1. femmes galantes, filles : prostituées.
2. les usuriers : les gens qui leur prêtent de l'argent à intérêt.
3. Une scène célèbre de la pièce de Molière montre Don Juan en train de recevoir avec une fausse sympathie M. Dimanche, un marchand à qui il doit de l'argent, et de le faire partir sans le payer.
4. leurs roueries : leurs ruses cyniques.

 

Annexe - Michel Tournier, «Le miroir des idées», Don Juan et Casanova, 1994.

[Dans son livre, M. Tournier expose les réflexions que lui inspirent des notions ou des personnages présentés en "miroir" par paires ou par couples complémentaires. Voici les deux premiers paragraphes du passage consacré à Don Juan et Casanova.]

  Ce sont les grands séducteurs de notre imagerie occidentale. Mais Don Juan est issu de l'Espagne classique, et Casanova de la Venise romantique, deux mondes totalement opposés. Lorsque Tirso de Molina écrit en 1630 sa comédie sans prétention Le Trompeur de Séville, il ignore qu'il vient d'inventer l'un des grands mythes modernes. Don Juan lui échappera et peuplera d'autres comédies, des opéras, des romans.
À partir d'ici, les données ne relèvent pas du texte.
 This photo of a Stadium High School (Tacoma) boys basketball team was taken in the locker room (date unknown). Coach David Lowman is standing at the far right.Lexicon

C'est le propre des personnages mythiques de déborder ainsi leur berceau natal et d'acquérir une dimension et des significations que leur auteur n'avait pas soupçonnées. Tels furent après Don Juan, Robinson Crusoe et Werther .
  Pour Don Juan, le sexe est une force anarchique qui affronte l'ordre sous toutes ses formes, ordre social, ordre moral et surtout religieux. Les comédies où il apparaît ressemblent toutes à une chasse à courre où il joue le rôle du cerf, poursuivi par une meute de femmes, de pères nobles, de maris trompés et de créanciers. Elle se termine dans un cimetière par un hallaliet la mise à mort du grand mâle sauvage.
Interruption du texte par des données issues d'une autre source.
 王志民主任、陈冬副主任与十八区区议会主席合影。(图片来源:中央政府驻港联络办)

1. L 'hallali est le moment de la chasse où l'animal poursuivi est rejoint et cerné.

ÉCRITURE

I. Vous répondrez d'abord à la question suivante (4 points) :

En allant à l'essentiel, précisez ce qui caractérise le personnage de Don Juan et ses transpositions dans les textes proposés ci-dessus.

ll. Vous traiterez ensuite un de ces sujets au choix (16 points) :

  • Commentaire : 
    Commentez le texte de Maupassant (D) à partir de la phrase: "Ils étaient une douzaine..."
  • Dissertation : 
      A propos de Don Juan, Michel Tournier en vient à écrire : « C'est le propre des personnages mythiques de déborder ainsi leur berceau natal et d'acquérir une dimension et des significations que leur auteur n'avait pas soupçonnées.»
      En prenant librement appui sur les textes qui vous sont proposés, ceux que vous avez étudiés et vos connaissances personnelles, vous expliquerez sous la forme d'un développement organisé pourquoi certains mythes ou certains "personnages mythiques" continuent d'inspirer les créateurs et d'intéresser leur public longtemps après leur apparition.
  • Invention :
      Vous proposez un article sur le sujet des réécritures au directeur d'un journal. Vous analysez dans votre texte le principe des réécritures et l'intérêt qu'elles présentent.
      Dans votre démarche, vous vous efforcez évidemment d'illustrer vos explications. Vous exploitez donc vos connaissances personnelles, ainsi que l'exemple fourni par les textes présentés ci-dessus; vous vous appuyez éventuellement sur des exemples empruntés à d'autres formes d'expression artistique.